── Given material ──

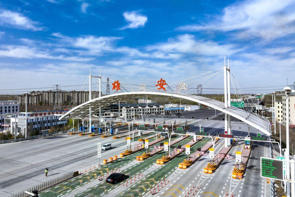 京雄高速雄安收费站(2025年3月25日摄,无人机照片)。2023年12月底京雄高速全线通车,北京五环到雄安只需1小时左右。
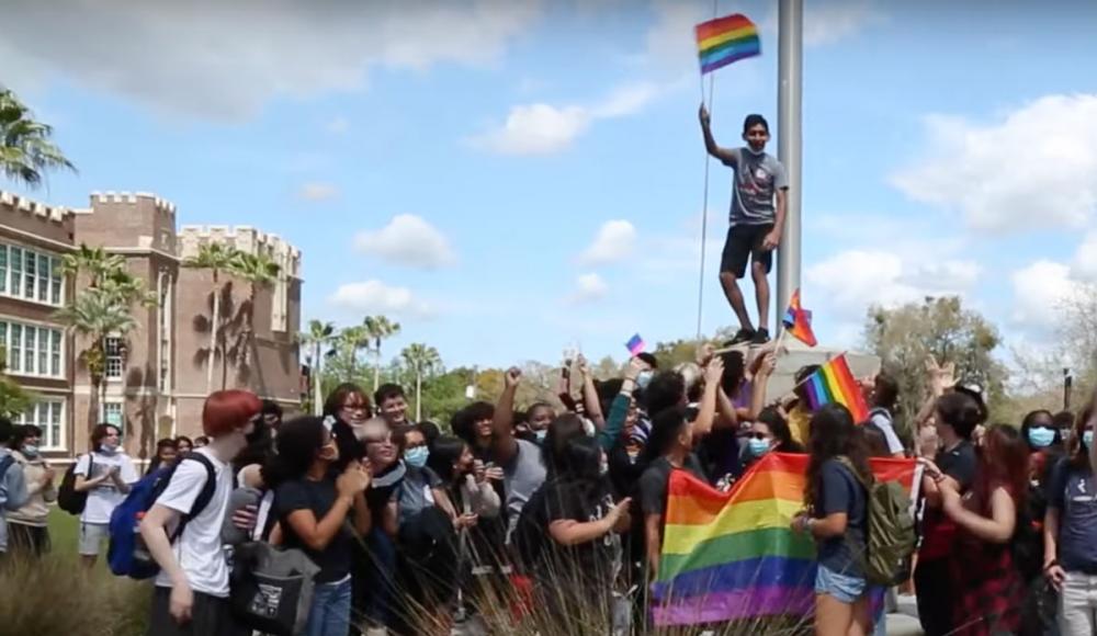 Florida students are proudly standing up for their beliefs and walking out in protest of the state's "Don't Say Gay" bill, which would criminalize classroom discussion of LGBTQ+ topics and paint a bull's eye on teachers by encouraging parents to file lawsuits.
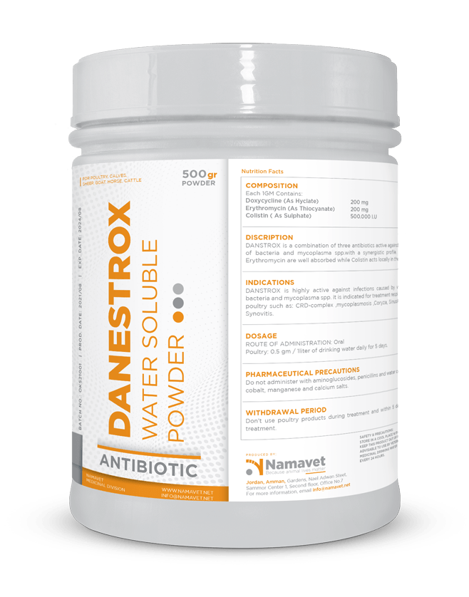 DANSTROX is highly active against infections caused by various strains of bacteria and mycoplasma spp. it is indicated for treating of respiratory diseases in poultry such as CRD-complex , mycoplasmosis, Coryza, Sinusitis, and Infectious Synovitis.

───

### What the exercise asks
Please write out, word for word, each line from the one with "Florida students are" to the last line of the data, keeping both ends and omitting pictures.

### Solution to this problem
 Florida students are proudly standing up for their beliefs and walking out in protest of the state's "Don't Say Gay" bill, which would criminalize classroom discussion of LGBTQ+ topics and paint a bull's eye on teachers by encouraging parents to file lawsuits.
 DANSTROX is highly active against infections caused by various strains of bacteria and mycoplasma spp. it is indicated for treating of respiratory diseases in poultry such as CRD-complex , mycoplasmosis, Coryza, Sinusitis, and Infectious Synovitis.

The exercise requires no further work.